Return exactly the lines from the one containing "(4) نهاية القول" through the end of the material below, and leave the images out.

_____

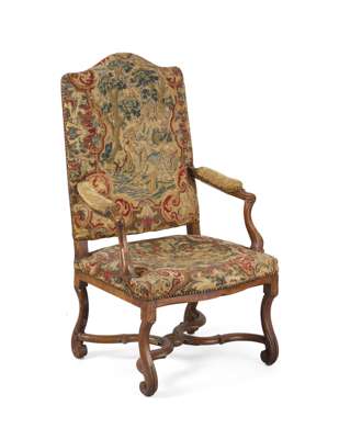 FRENCH BEECH AND TAPESTRY UPHOLSTERED ARMCHAIR
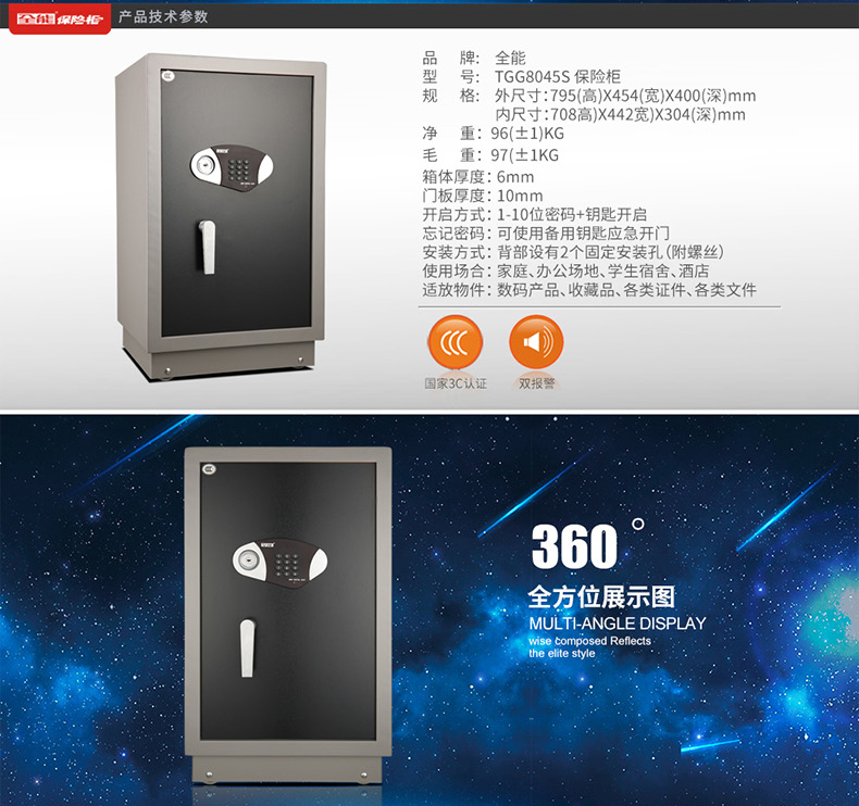 全能 TGG8045 保險(xiǎn)柜 795x454x400mm 96公斤
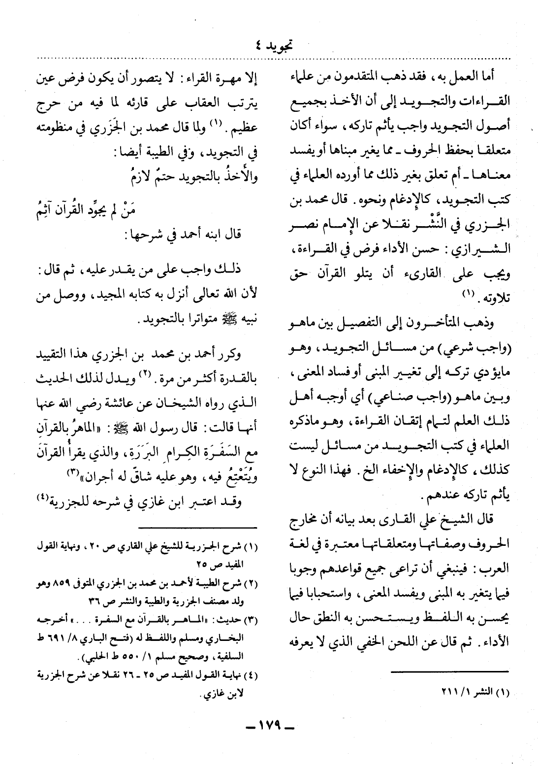 (4) نهاية القول المفيد ص 25 - 26 نقلا عن شرح الجزرية لابن غازي.
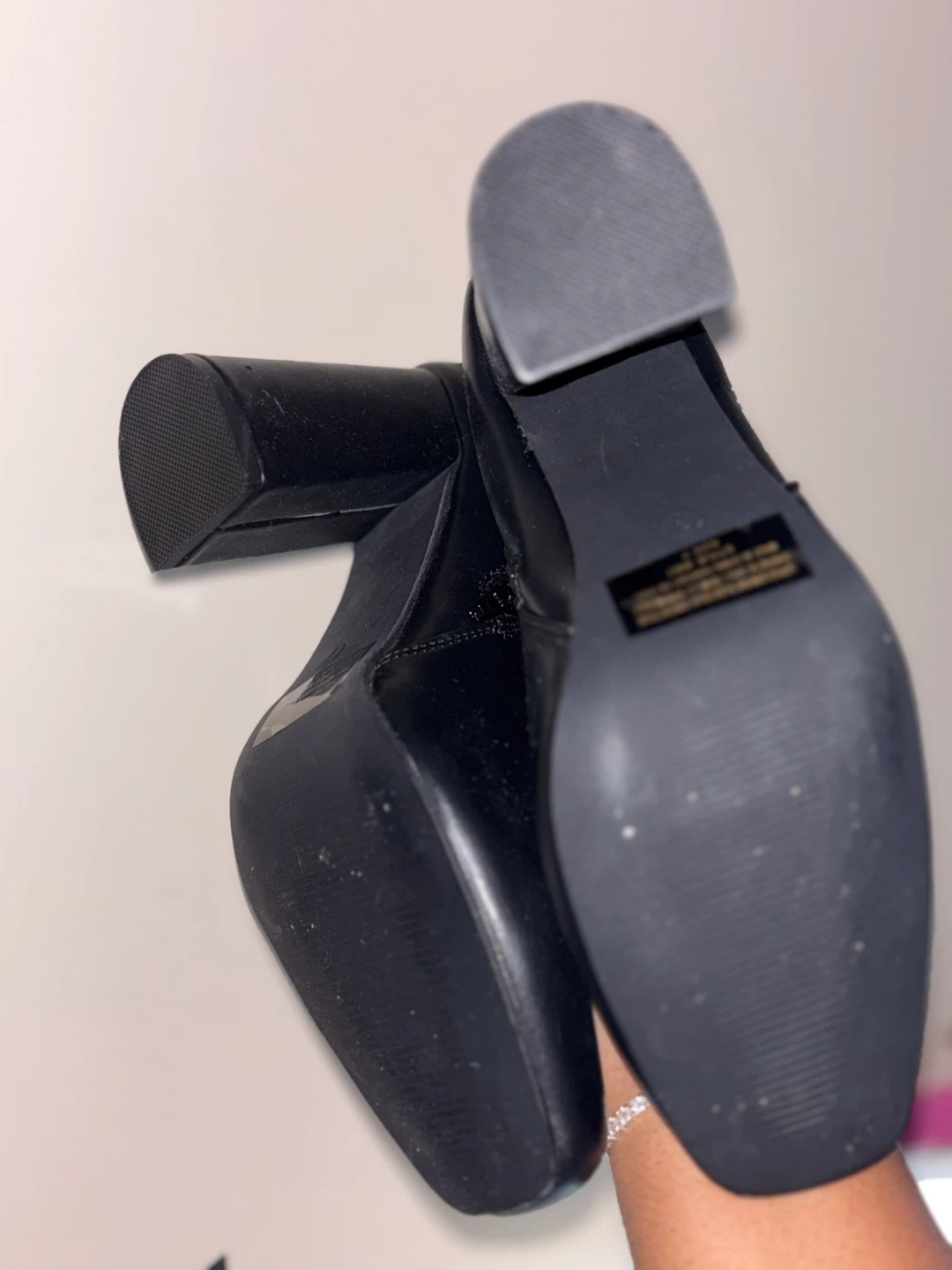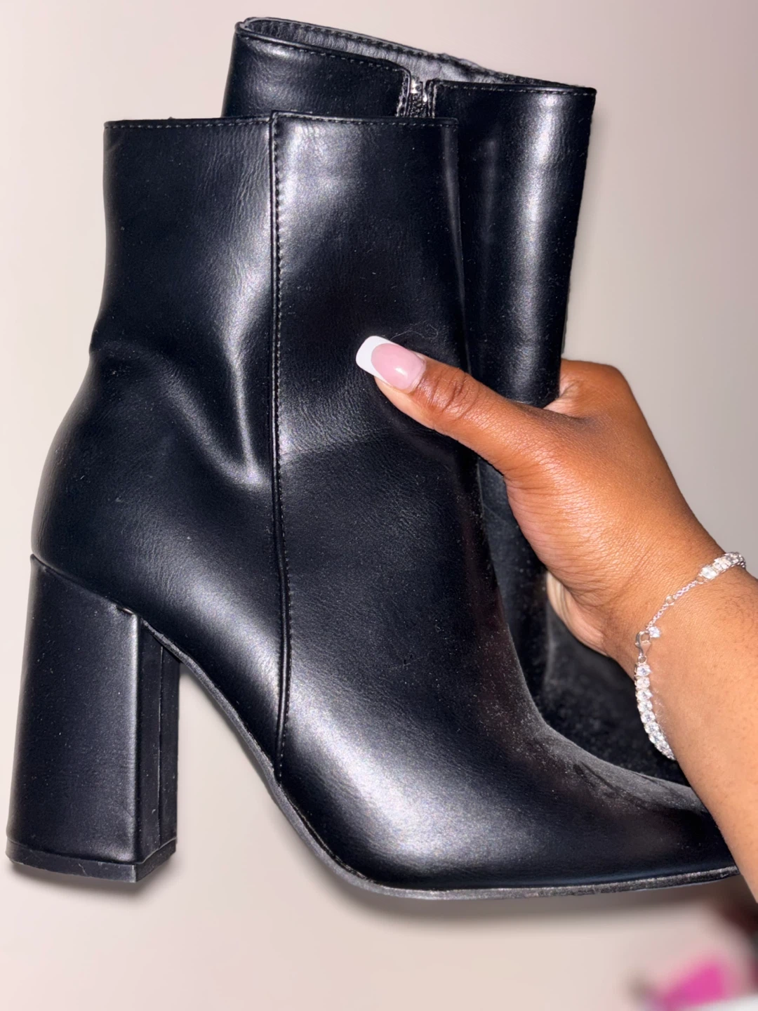 Selling a pair of black ankle boots. They have a block heel and a zipper closure. Great for everyday wear!
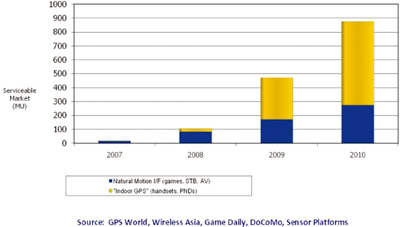 市場調(diào)研機構(gòu)iSuppli認為,移動傳感器(motion sensors)將代替?zhèn)鹘y(tǒng)的傳感器成為MEMS市場的主要推動力,至少在2012年之前會是這樣。尤其是加速計(accelerometer),它在便攜式消費電器中將被用來啟動一系列高級界面功能。傳感器在消費電器中的應用正在迅速飆升,像用于游戲、筆記本電腦和數(shù)碼相機中的移動傳感器就是實例。雖然以傳感器為基礎的微型機電系統(tǒng)(MEMS-microelectromechanical systems)的價格已經(jīng)在迅速下降,它們還是太昂貴而不能被用在一些對價格敏感的消費產(chǎn)品中。
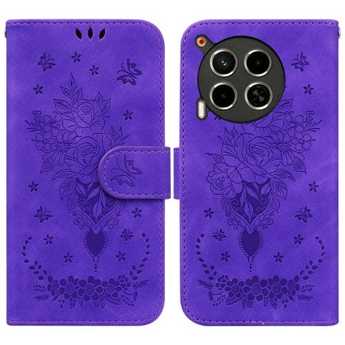 Funda de Cuero con Relieve Mariposa y Rosa para Tecno Camon 30 4G/5G (Morado)
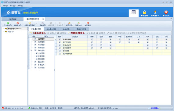 除了操作員權(quán)限設置功能外,信管飛出納記賬軟件還具備多種實用功能。例如,它支持多平臺使用,用戶可以在電腦、手機或平板上隨時隨地進行財務管理操作;同時,軟件還提供了豐富的報表和數(shù)據(jù)分析功能,幫助企業(yè)更好地了解財務狀況和經(jīng)營情況。

_____

* [Reply to the task]:
 (4) نهاية القول المفيد ص 25 - 26 نقلا عن شرح الجزرية لابن غازي.
 Selling a pair of black ankle boots. They have a block heel and a zipper closure. Great for everyday wear!
 市場調(diào)研機構(gòu)iSuppli認為,移動傳感器(motion sensors)將代替?zhèn)鹘y(tǒng)的傳感器成為MEMS市場的主要推動力,至少在2012年之前會是這樣。尤其是加速計(accelerometer),它在便攜式消費電器中將被用來啟動一系列高級界面功能。傳感器在消費電器中的應用正在迅速飆升,像用于游戲、筆記本電腦和數(shù)碼相機中的移動傳感器就是實例。雖然以傳感器為基礎的微型機電系統(tǒng)(MEMS-microelectromechanical systems)的價格已經(jīng)在迅速下降,它們還是太昂貴而不能被用在一些對價格敏感的消費產(chǎn)品中。
 Funda de Cuero con Relieve Mariposa y Rosa para Tecno Camon 30 4G/5G (Morado)
 除了操作員權(quán)限設置功能外,信管飛出納記賬軟件還具備多種實用功能。例如,它支持多平臺使用,用戶可以在電腦、手機或平板上隨時隨地進行財務管理操作;同時,軟件還提供了豐富的報表和數(shù)據(jù)分析功能,幫助企業(yè)更好地了解財務狀況和經(jīng)營情況。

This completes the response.